4 – Pagamento de atrasados das diversas categorias
Encontra-se na Secretaria da Fazenda um calendário para liberação dos pagamentos de atrasados de promoções e progressões de diversas categorias. Hoje (13), está acontecendo uma reunião entre Sefa e Seap para uma estruturação desse calendário e informação as categorias. Na educação serão pagos os atrasados do QFEB, mas a implantação da progressão de agosto de 2015 não será realizada.

5 – Concursos públicos
A Seap encaminhou para a Sefa as liberações de várias nomeações, dentre elas: escrivães, saúde, educador social, agentes penitenciários. Houve a cobrança por parte do FES para a abertura de novos concursos, pois entendemos que o governo deve realizar uma política de substituição das aposentadorias, exonerações, contratos temporários e cargos comissionados por servidores(as) estatutários(as). A Seap realizará um levantamento, segundo eles, de “redimensionamento das necessidades” de servidores(as). O FES reivindicou que esse levantamento seja realizado até o final desse ano, e que fará o contraponto através de suas categorias.

6 – Previdência
A presidenta da Paranáprevidência trouxe os esclarecimentos solicitados pelo FES:
a) Sobre a composição paritária dos conselhos: o governo está preparando o ordenamento jurídico e publicará um decreto de regularização. Esse debate será realizado pelo Conselho de Administração da Paranáprevidência.

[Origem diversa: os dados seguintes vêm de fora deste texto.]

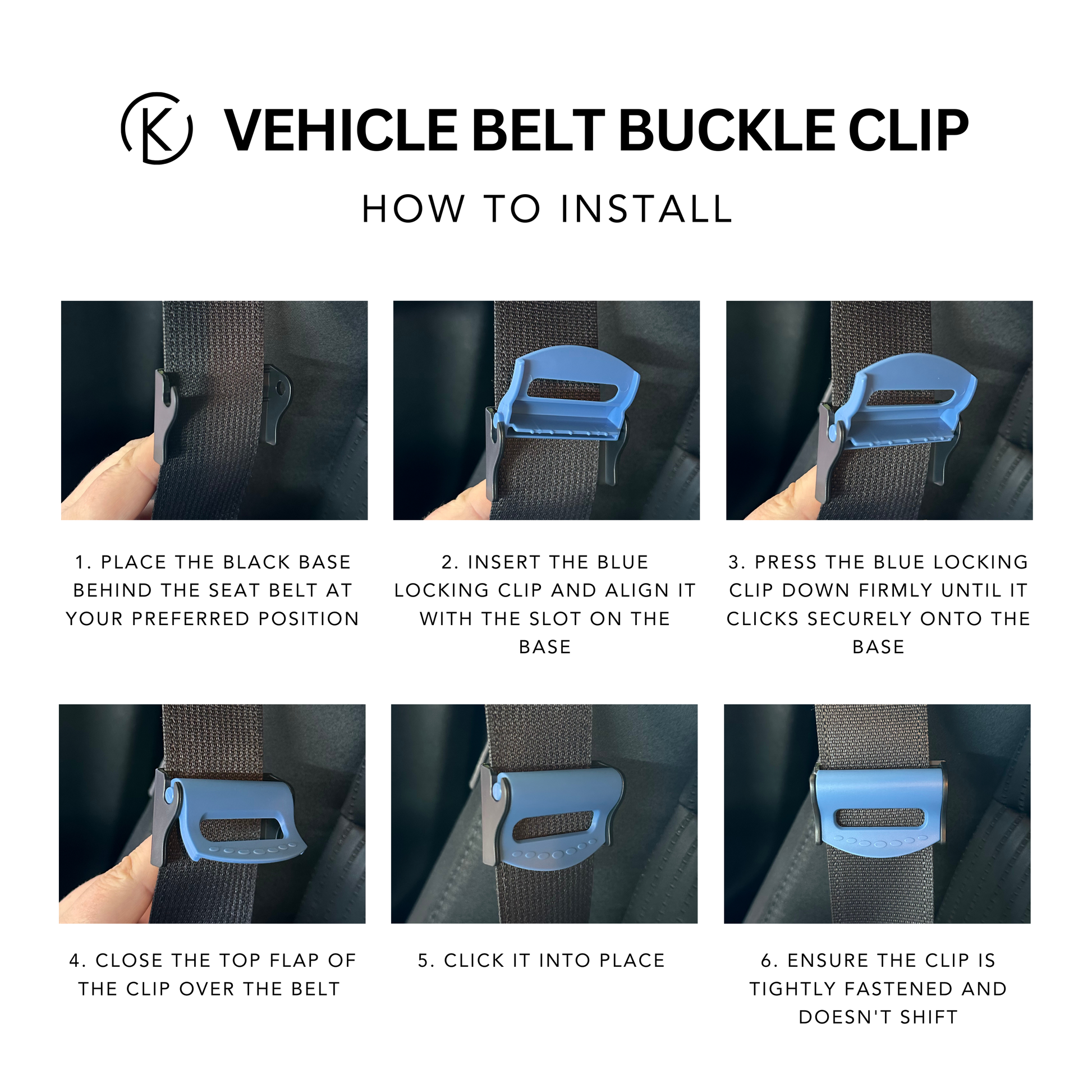 ➡️ To install, please open the clip to install it onto the seatbelt at the height / level it is needed. See photo.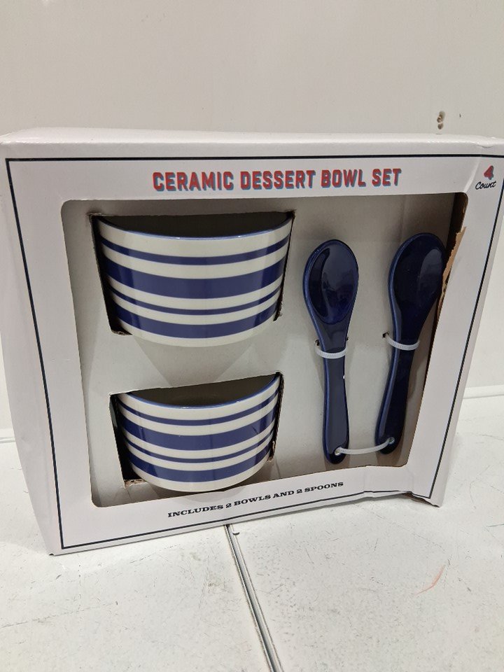 4PC ceramic dessert bowl and spoon set - blue stripe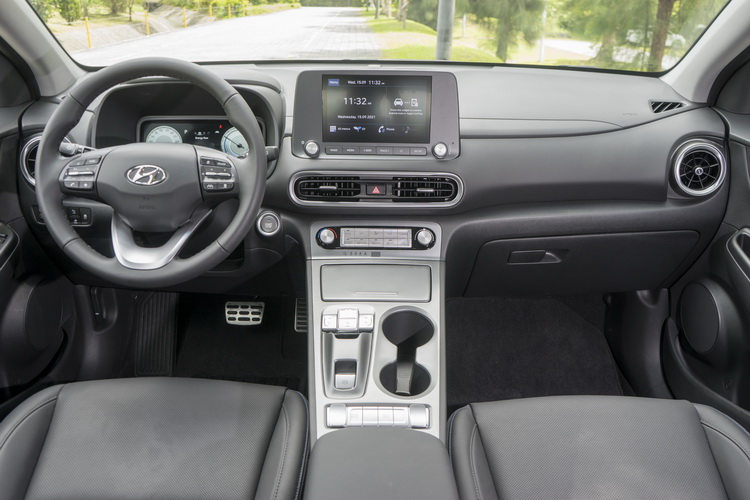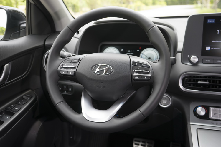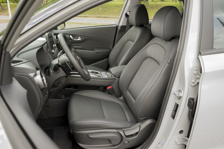 Kona Electric在懸吊結構是比照四驅車型的前:麥花臣+防傾桿+工字樑、後:多連桿+防傾桿+副車架。給人的操控紮實感已經媲美歐系車,過彎時對車身的側向支撐、動態穩定水準都在同級中算前段班。因應電動車的大動力輸出,車廠也對前懸懸吊幾何做調整並對後懸雙下臂採最大化設計來強化。因此在套上夠勁的電動系統下已經能夠帶來比1.6T高出一級的駕駛樂趣。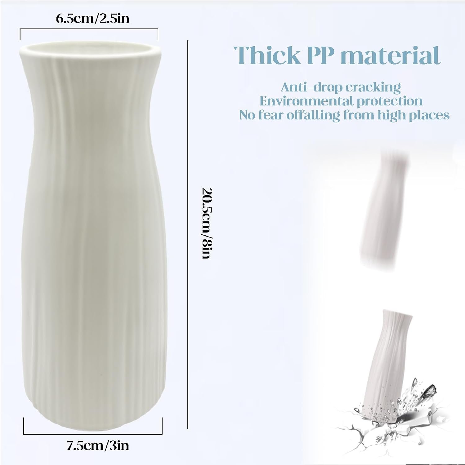Vase size: The size of the vase is 8 inches high and 3 inches wide. It is a small vase used to decorate the desk. The elegant white color matches well with the flowers you put in the vase and can be decorated anywhere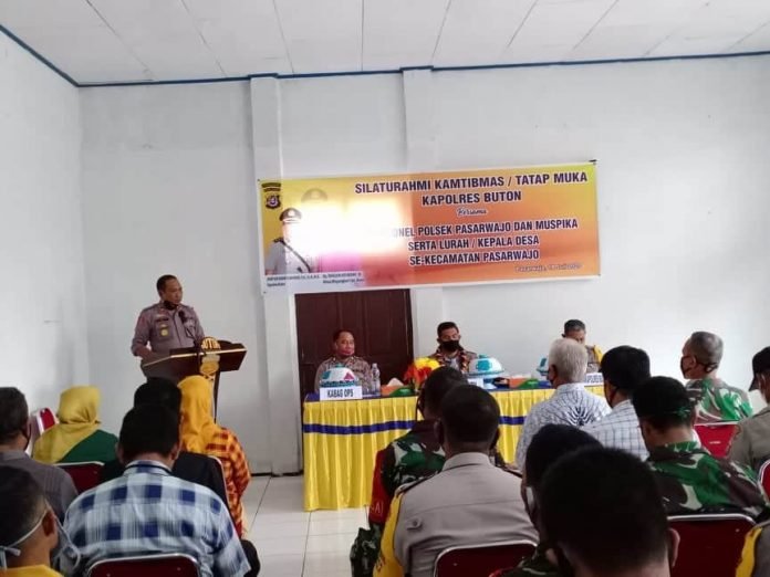 Penerapan protokol kesehatan menuju adaptasi kebiasaan baru. Kapolres Buton mengajak aparat desa dan camat se-Kecamatan Pasarwajo untuk mematuhi protokol kesehatan pemerintah tentang pencegahan penularan pandemi Covid-19, 18 Juli 2020.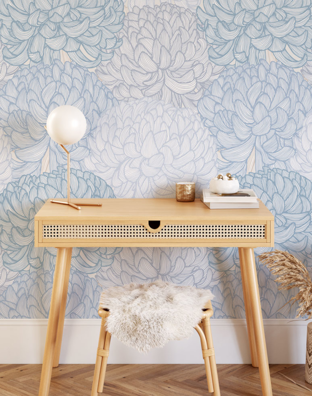 As a Wallpaper and Textile designer, I draw inspiration from the beauty around me and I could not go past the magnificence of the Japanese Kiku Chrysanthemum. My Kiku design incorporates multiple flower illustrations depicting the many-layered petals. Kiku design from Patricia Braune’s Tranquil Lines Collection.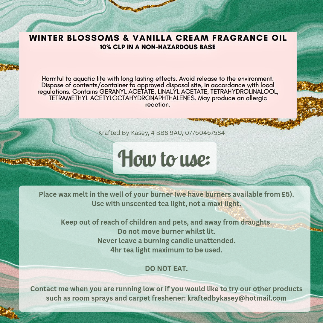 Full list of CLPs available on the Fragrance Oil CLP & Dupe Info page on this website. Individual wax melt bars will also have their CLP uploaded as an image. Please do not mix different scents of wax melts as this invalidates the CLP label.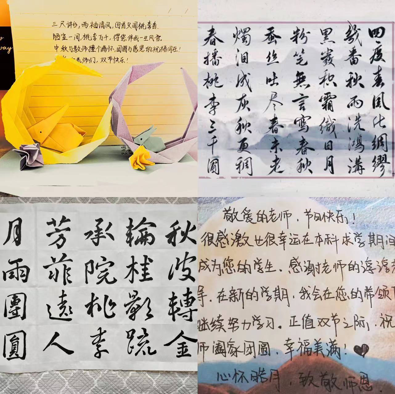 文案祝福 本次“书香沐中秋,桃李竞芳菲”主题系列活动的成功开展,丰富了学生们的课余文化生活,营造了尊师重教的良好氛围。这些内涵丰富、形式多样的系列活动,激励着我校学生传承优良传统,厚植爱国情怀,矢志砥砺奋斗,以昂扬向上的精神面貌迎接党的二十大的到来!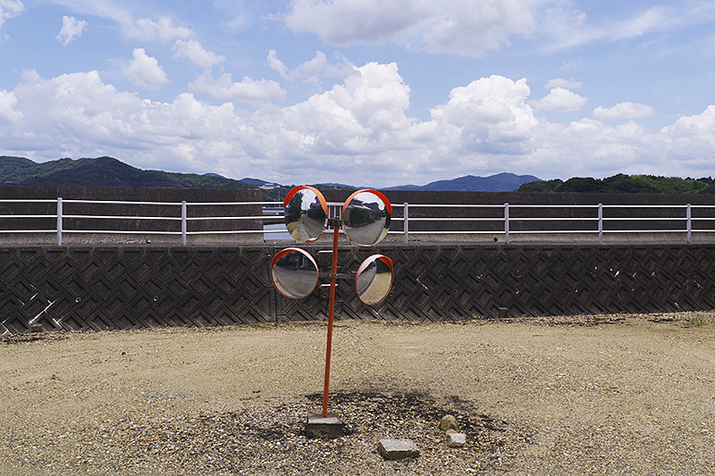 民家の並ぶ通りと自転車道の間にある空き地にミラーが置かれていた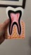 Detailed anatomical tooth model with pink, black, and cream colors. Ideal for educational purposes.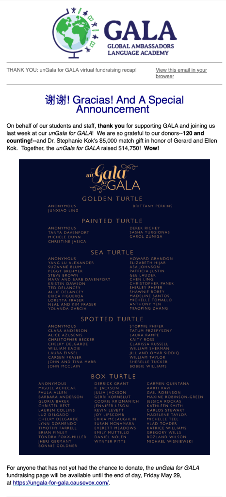 As schools look at a new and as yet unclear future, here’s a nice example from an immersion charter school in Ohio of how to do online fundraising. The GALA gala each year always sounded like a lot of fun (from seeing their emails). It’s impressive how they managed to capture some of their excitement online, not an easy trick.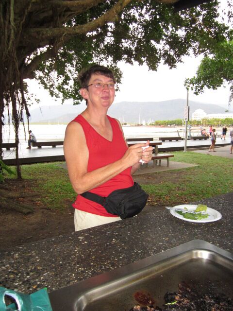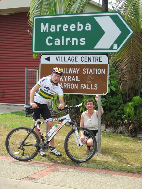 Over de highway naar Mareeba gefietst, de laatste letterlijk rechte rit in lijn voor de Croco nu dinsdag start. De benen voelen goed aan en het uitzicht op het regenwoud blijft indrukwekkend. Gerda geniet dan weer van alles wat ze ziet onderweg: termietenheuvels; velden vol suikerriet, cederbomen, mango en veel tropische vogels ! Clyde heeft ondertussen zijn klassieke muziek uitgezet en vervangen door hits uit het midden van de jaren 6O, dat klinkt al stukken beter !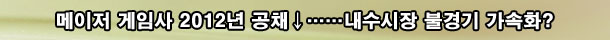 ±×·¯³ª Ȱ¹ßÇÏ°íµµ ¿¹³â°ú ´Ù¸§¾ø´Â ³Ø½¼ÀÇ °øÃ¤ ÁøÇà¿¡µµ ºÒ±¸ÇÏ°í ³Ø½¼À» Á¦¿ÜÇÑ °ÅÀÇ ¸ðµç ¸ÞÀÌÀú °ÔÀÓ»çµéÀÌ 2012³â ÇϹݱ⿡´Â °øÃ¤¸¦ ÁøÇàÇÏÁö ¾ÊÀ» °ÍÀ¸·Î º¸¿© 2ºÐ±â °ÔÀÓ¾÷°è ½ÇÀû ºÎÁø¿¡ ÀÌ¾î ²ÙÁØÈ÷ IT¾÷°è ±¸Á÷³À» ÇØ°áÇØ ÁÙ ¡®Á¥ÁÙ¡¯·Î Æò°¡¸¦ ¹Þ¾Ò´ø °ÔÀÓ¾÷°è¿¡ ºÒȲÀÇ ±×´ÃÀÌ ´õ¿í £¾îÁö´Â °ÍÀÌ ¾Æ´Ï³Ä´Â ¿ì·Á°¡ ³ª¿À°í ÀÖ´Ù.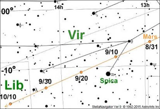♂・・・・・・ 今回も『火星通信』に送られてきた九月中の火星画像より、今期十九回目のレポートをまとめる。下図のように、火星は九月には「おとめ座」を赤緯を下げながら順行していった。スピカの北を12日に通過して、赤緯が10゚Sに下がったのは16日のことであった。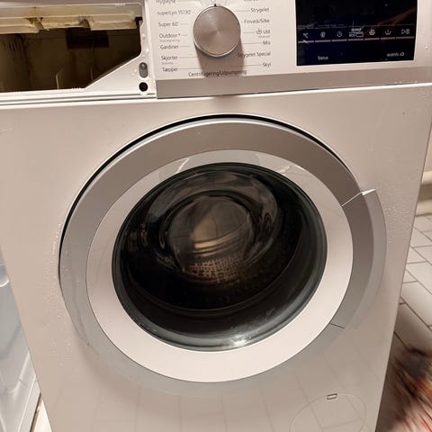 Denne tåler alt av sand og skit. Har ikke vannpumpe så den må stå slik at vannet kan tømmes nedover. Stativ kan følge med for 1000 ekstra. Da står den 30cm over gulvet. Denne kan ikke stå rett på gulv. Ny pris 25000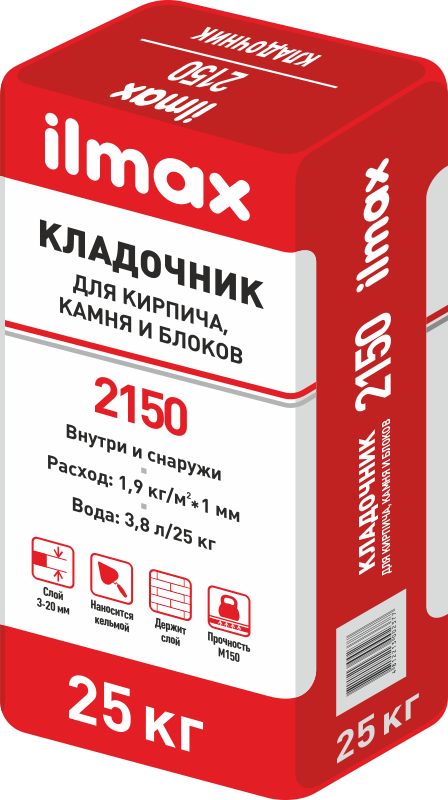 ilmax 2150 предназначен для кладки внутренних и наружных стен и перегородок из керамического и силикатного кирпича (камней, блоков), полнотелых керамзитобетонных блоков, ФБС, блоков вибропрессованных из тяжелого бетона, природного и искусственного камня, в том числе для выравнивания оснований под кладку первого ряда. ilmax 2150 следует использовать для кладки несущих и самонесущих конструкций из стеновых изделий пустотностью до 25%, марки по прочности на сжатие не менее М75, а также кладочных материалов с пустотностью более 25%, марки по прочности на сжатие не менее М150. Может применяться для кладки дымоходов, а также для устранения дефектов (выбоин, сколов) в кладке.

b) Não recolhimento dos 11% do governo sobre os(as) aposentados(as): a Sefa está questionando a necessidade de recolhimento dos 11% da parte patronal para os Fundos de Previdência. Desde maio esses valores não são repassados. O Fórum cobrou o posicionamento da Paranáprevidência, que respondeu que está notificando o governo via ofícios, mensalmente, e contabilizando os valores em seu balancete. O FES solicitará os ofícios sobre mais essa irregularidade do governo sobre o recolhimento previdenciário.

c) Previdência complementar: a Paranáprevidência não está participando de nenhum debate sobre a previdência complementar, mas informou que a Sefa está fazendo estudos de impactos sobre o tema. Todos os(as) atuais servidores(as) que ingressaram, e ingressarão, no serviço público continuam amparados no atual Fundo Previdenciário.

7- Calendário de reuniões
A Seap concordou com o calendário de reuniões como estabelecimento de mesa de negociação coletiva proposto pelo FES.

Como adiantamos na abertura da matéria, todos os temas dependem, neste momento, de autorização – ou não – da Secretaria da Fazenda para sua implementação. Somos, mais uma vez, punidos pelo governo com os gastos do primeiro mandato que estão sendo pagos com o contingenciamento de direitos e de ampliação dos serviços públicos e da saúde.

Participaram da reunião: a coordenação do FES, a professora Marlei Fernandes (APP), Donizete Silva (Sindseab), Celso Nascimento (Sinteemar). Os sindicatos: APP, Assuel, Sindiprol, Sindiseab, Sintespo, Sinteoeste, Sinder, Sindsec, Sisdep, Sindespol, Sindsaúde, Sinteemar, Sinssp. Pelo governo a secretária Dinorah Nogara e sua equipe de assessorias, além dos RH das secretarias das categorias. O superintendente do Trabalho Jorge Leonel, a presidenta da Paranáprevidência, Sueli Hass, o diretor Geral da PRprevidência, Edson Vasen, o Superintendente do DAS, Eduardo Mischiatti, o diretor de saúde ocupacional Marcus Vinícius Garcia Negrão.